Cinzia, 'three missed planes' Dave, Anna, Markus, Moi, Brummie Tim (but he's behind the pole and you can't see him), Darren, Albrecht, Micha, Severien, Jan, Luc and Enrica. Siegi, who is expecting had long since offed to bed. To the right (and out of shot) is a bunch of loud-singing-glass breaking Norweigans who seemed to being singing an Arctic version of Bliss, the New Zealand drinking song. Ja-ja-ja-ja-jah-ja. Forget about the last one, get yourself another.
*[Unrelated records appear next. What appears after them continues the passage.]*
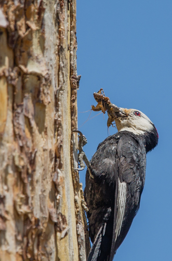 White headed woodpecker with food
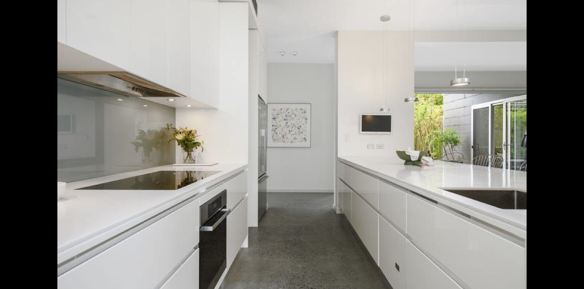 Sleek Hanex kitchen with bold servery breakfast bar and a handy butler’s kitchen, Miele appliances, induction cooktop, two ovens, warming drawer, microwave, two dishwashers, Qasair rangehood
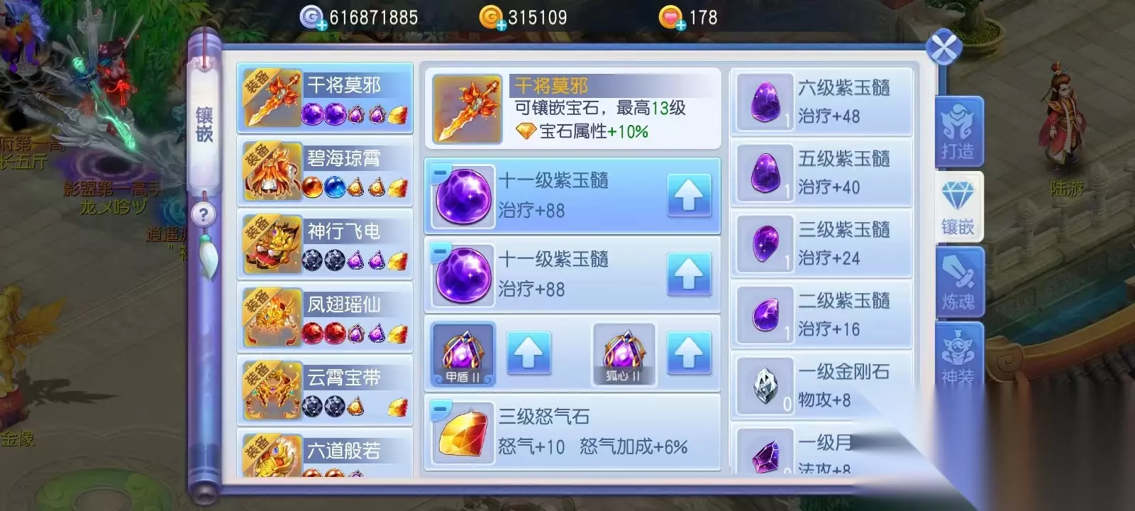 二、装备、宝石 ①60级之前的装备不用太在意。②55级要打凌烟阁,拿到宝石礼盒和三本装备紫书(两本60级装备紫书和一本60或70级装备自选)。③前期一定要存宝石,金子富裕的可以适当的多买点存起来,后期主流宝石会涨价。
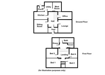 Ground Floor: Entrance Vestibule, Hallway, Lounge, Sitting Room/Dining Room, Kitchen, Utility Room, Meat Room, Office/Whisky Room, Rear Porch. First Floor: Landing, Bedroom One with Office, Bedroom Two, Bedroom Three, Bedroom Four, Dressing Room, Bathroom, Shower Room.
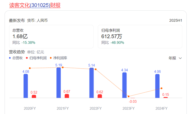 从上面的图可以看出,读客文化的业绩在2021年之后,呈现下滑的趋势,并且长期低迷。
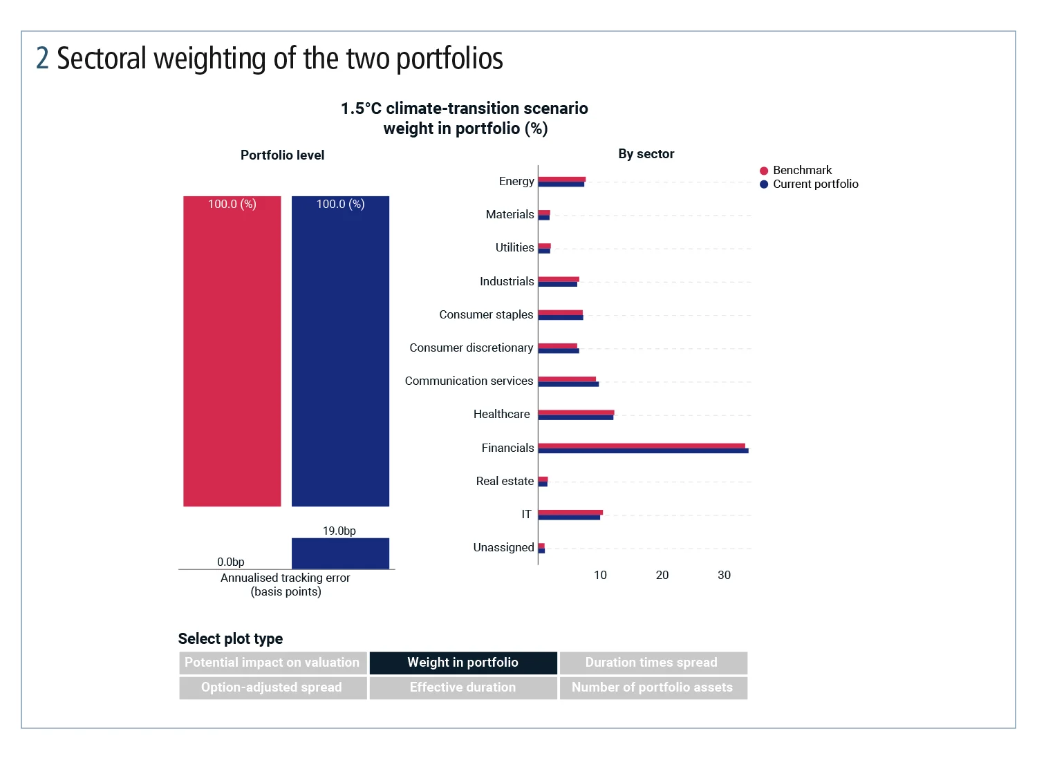 The hypothetical client bond portfolio had the MSCI US Dollar Investment Grade Corporate Bond index as its underlying benchmark. After running the 1.5ºC climate scenario, it could be seen that both the client’s portfolio and the benchmark registered losses (see figure 1). While the benchmark fell by 3.12%, the client’s portfolio fared worse with a loss of 3.41%.
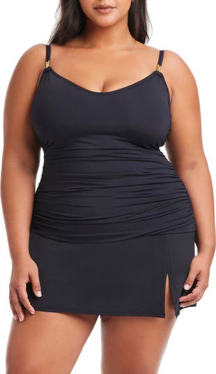 Gleaming hardware brings a hint of sophistication to this shirred tankini top that's perfect for lounging poolside.
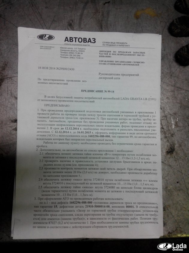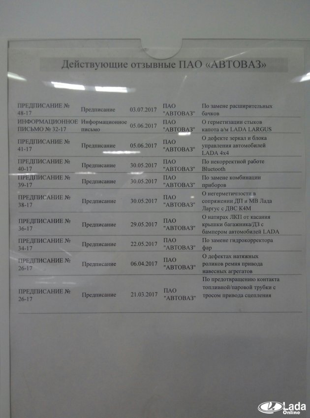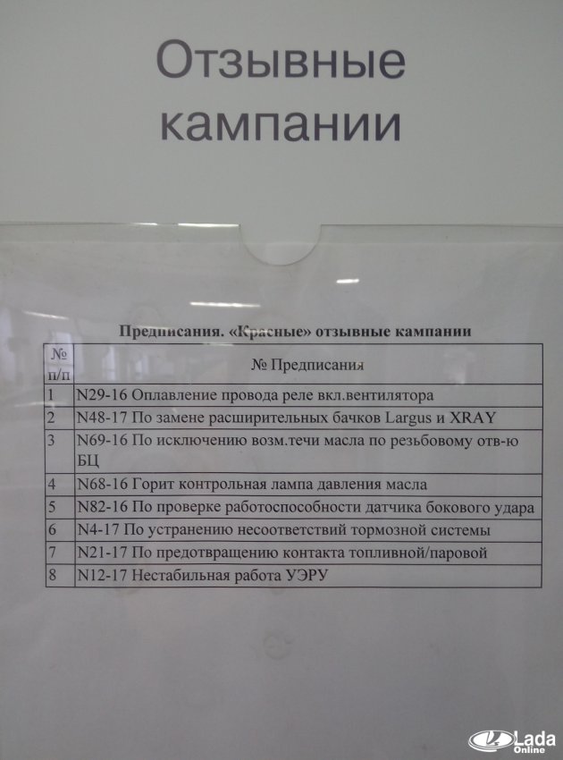 Ключевые слова: предписание автоваза | отзывные и сервисные кампании лада гранта | отзывные и сервисные кампании lada xray | отзывные и сервисные кампании лада веста | отзывные и сервисные кампании лада ларгус | отзывные и сервисные кампании лада нива легенда | отзывные и сервисные кампании лада калина | отзывные и сервисные кампании лада приора

So long as you have the deed to your house and a promise of your firstborn when you attempt to buy a round, that is.

By the time I managed to get round to presenting my paper the following day, and, with the belief that even though she hadn't got my desperate email for prayer that Jane would still have prayed in hindsight, it went really well. It was not really my goal but I seemed to make my audience laugh several times (try to remember, Richard, that this is a academic conference and not new-faces in Tromsø comedy scene) and I was complemented on my paper by several random people. Nice. And with that, a first multinational contingent made a dash for Tromsø airport (a surprising amount of flights - about a dozen 737s each day - come in to Tromsø each day, and most of them are full, which isn't bad for a city of 60,000). This time the group was comprised of myself, the two Italians girls, a Chinese man living in Holland, a Columbian living in Spain, and (you can't make this stuff up) an Ethiopian living in Norway. This group was a brilliant way to end the conference. We all sat at the airport and laughed some more.
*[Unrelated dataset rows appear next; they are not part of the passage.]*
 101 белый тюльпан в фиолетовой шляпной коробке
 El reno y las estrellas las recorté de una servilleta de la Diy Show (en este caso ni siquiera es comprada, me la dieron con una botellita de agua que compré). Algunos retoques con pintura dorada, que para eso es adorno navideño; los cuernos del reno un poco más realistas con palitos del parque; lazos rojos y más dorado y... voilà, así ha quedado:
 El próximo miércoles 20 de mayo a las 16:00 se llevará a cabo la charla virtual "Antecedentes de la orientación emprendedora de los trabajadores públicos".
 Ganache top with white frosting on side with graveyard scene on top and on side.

By the time we landed at Oslo, it was down to just Cinzia, Enrica and myself, as we were all staying in Oslo that night. Despite it being 10.30pm, the three of us wandered the streets of Oslo to find food (no Scandanavian Airlines - budget or traditional - serve food for free to the Economy classes). This required dodging all the prostitutes that were on every street corner and offering a variety of goods and services to ageing Norwegian men. This just seemed desparately sad. Almost all of them were African women and it didn't take much to wonder at the pimps who no doubt ran them and the journey they must have taken to get to Oslo. With one last 'pint' I escorted the girls to their hotel (what a gentleman) and then ran the gauntlet back to mine.

Tromsø: what a fantastic place. Beautiful, but like any great place it is the people that make it so. Thanks to everybody who made it so, be they Belgian, Swedish, Dutch, Danish, Italian... or be they Jim, Matt, Tom, Jon or Jane who prayed for me, or a Canadian-Czech guy in the blogosphere who encouraged me. Life had been hard before I left. I'm not saying it isn't anymore, but I needed to have an experience like this.

Did I see the Northern Lights? Did I Bollocks.

1 comment:

Emma B said...

stunning. thanks rich. great to hear about a bigger world than i'm seeing right now. awesome pictures.